I feel as an angry hippie that we need to move towards living in smaller houses.  Actually there has been a movement to do this.  Tiny houses are slowly becoming popular around the country.  Some of these houses are actually under 100 square feet!  This is pretty extreme for most, but there are varying sizes being designed.  A couple could easily and comfortably live in a 600 to 700 square foot house.  These houses cost less than 50 grand and are extremely high quality.  The tinier houses are ideal for people that are just getting out of college, who would like to buy a house but may not have the means to go the traditional route.  Unfortunately, for those who want to live in small houses, there is a big problem.  The government actually restricts how small you can build your house.  If you own land, the government controls how big the house you build on it can be.  These restrictions change from location to location but there are loopholes.  For instance, you can build  house on wheels and designate it as mobile home.  Those kind of houses though can only be placed on land that already has a full sized home, or in trailer parks.  So of course, nothing is easy thanks to BS regulations.  Banks will also not allow you to take out loans for houses if the square footage is too low.  So even if you wanted to mortgage a small home, you couldn’t.

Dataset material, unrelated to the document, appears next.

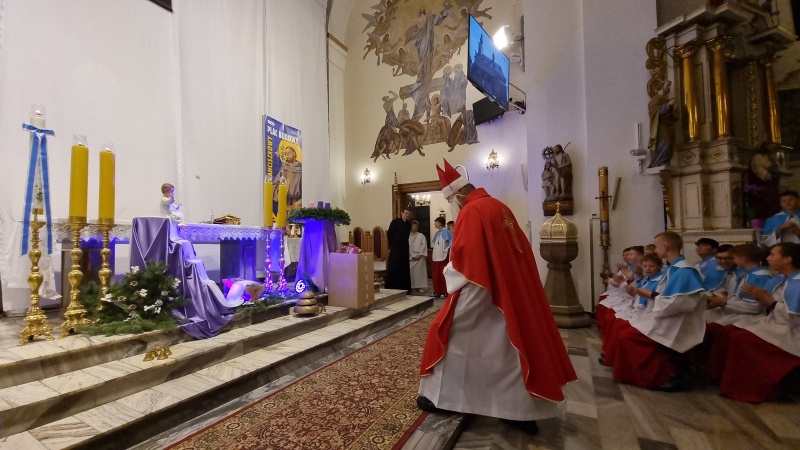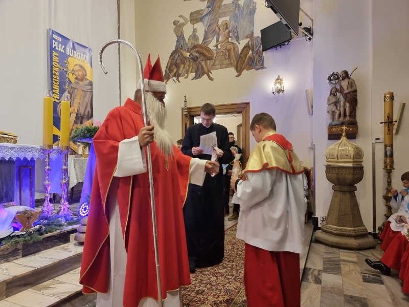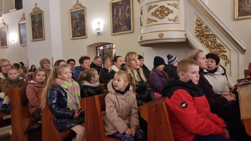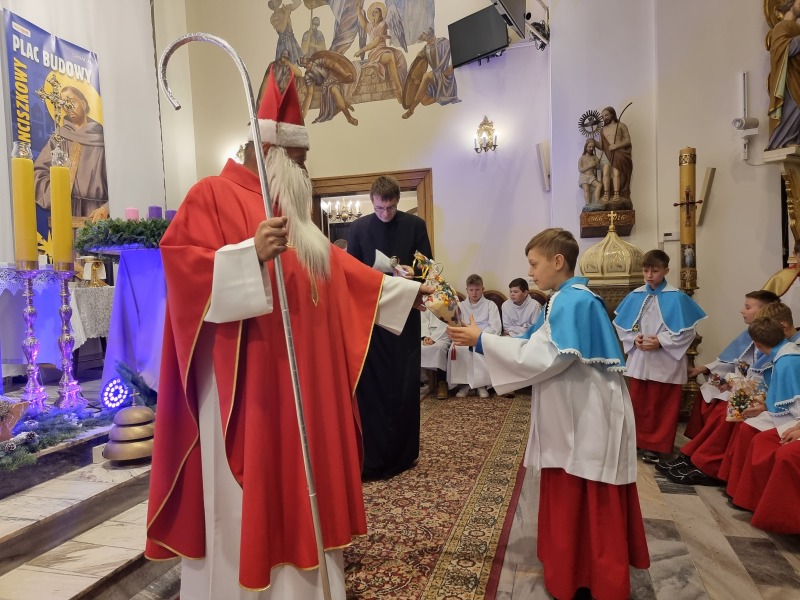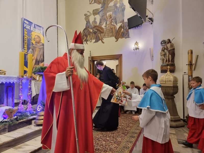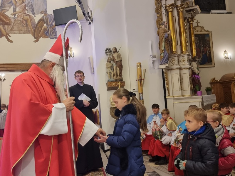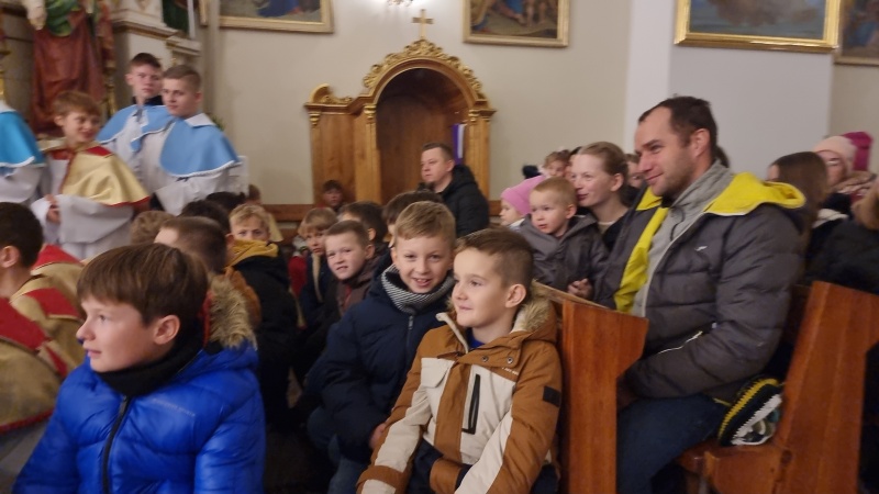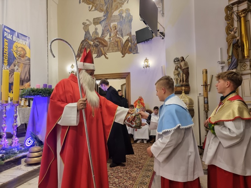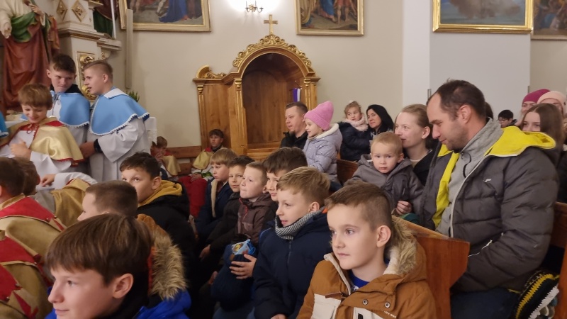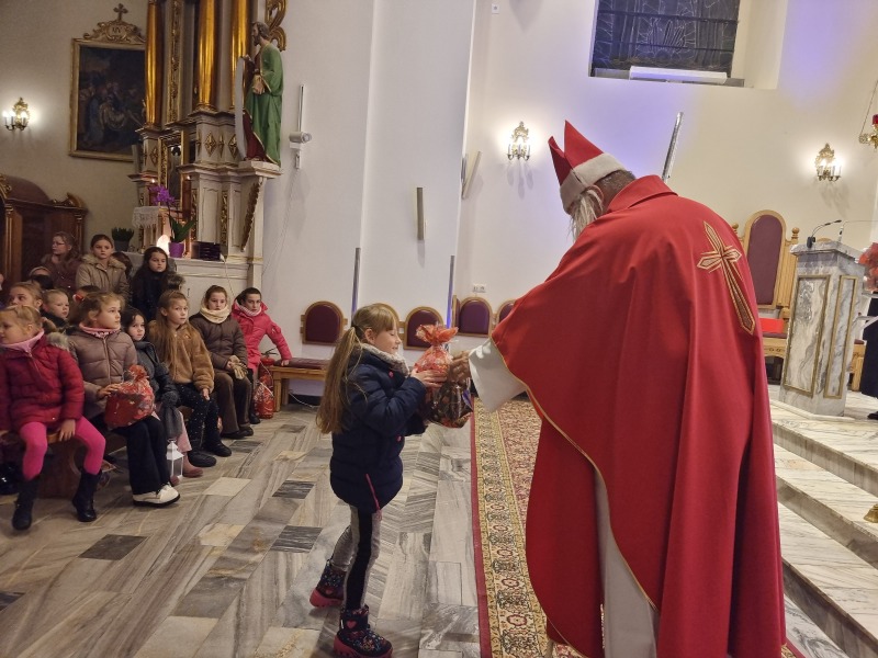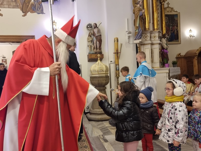 Za zakończonej Mszy św.roratniej do kościoła parafialnego w Tymbarku wszedł św. Mikołaj, zmęczony, po długiej podróży, po dniu wyczerpującej pracy. Ale przecież wiedział, że nie może nie spotkać się z dziećmi, które w każdy dzień w Adwent biorą udział w Roratach, oraz z tymi, które przez cały rok aktywnie uczestniczą w życiu parafii.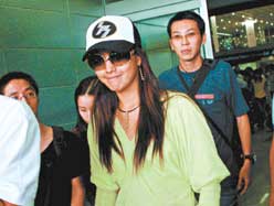 中新網(wǎng)7月8日電 據(jù)成都商報報道,《驚天傳奇》剛開拍,就有漫天謠言說,因為成龍不滿韓國明星金喜善耍大牌,已將她剔除出劇組,鐘欣桐將取代金喜善擔(dān)當(dāng)?shù)谝慌鹘恰5蛉战鹣采粕衩噩F(xiàn)身上海浦東機場,并于昨晚前往劇組探班,自然粉碎傳言,據(jù)了解,金喜善此次出演女主角的身價是100萬美元。

So maybe for some, living in a tiny house won’t work.  What you could do instead is use sustainable materials to build your house.  Some of the “newest” kinds of houses being built are straw bale homes.  Straw bales are excellent for building because they provide great insulation, they are super cheap, and they don’t hurt the environment (if the straw is locally grown).  The straw isn’t actually exposed but covered in mud or adobe (also extremely cheap if not free).  Then that could be covered by plaster or lime.  The walls have an insulation rating of R30 usually which is pretty excellent.  Straw bales actually provide better fire resistance than traditional fiberglass insulation.  The reason being, straw bales are tightly packed into walls and then covered with mud.  This cuts off any oxygen flow inside the walls so only exposed straw is able to burn.  Fiberglass insulation on the other hand, allows for large air gaps behind walls.  Once fiberglass insulation catches fire, the air fuels the fire, which allows the fire to travel up behind walls.  Straw bale homes last for hundreds of years if properly taken care of.  The walls of a straw bale house have a very natural look and they can be sculpted to look as the owner sees fit.  This gives each house a very unique feel.  Just imagine, rather than showing off your giant cookie cutter mansion, you can show off your straw bale home that is unique to most homes anyone else would have.  Straw bales are not any harder to maintain than a traditional home.  They just have different needs.  Straw bale homes fair better in drier climates but they can also do well in cold and temperate ones.

So really, the reason why I find myself becoming a hippie isn’t just because I care about the planet, but because I am cheap.  The more I learn about stuff, the more it seems that going sustainable not only saves you money but just gets you better stuff in general.  I like money and I like stuff.  I guess the reason many American’s resist building sustainably is that they feel like they will have to spend more money to live a harder life.  That just is not the case.  The more you know.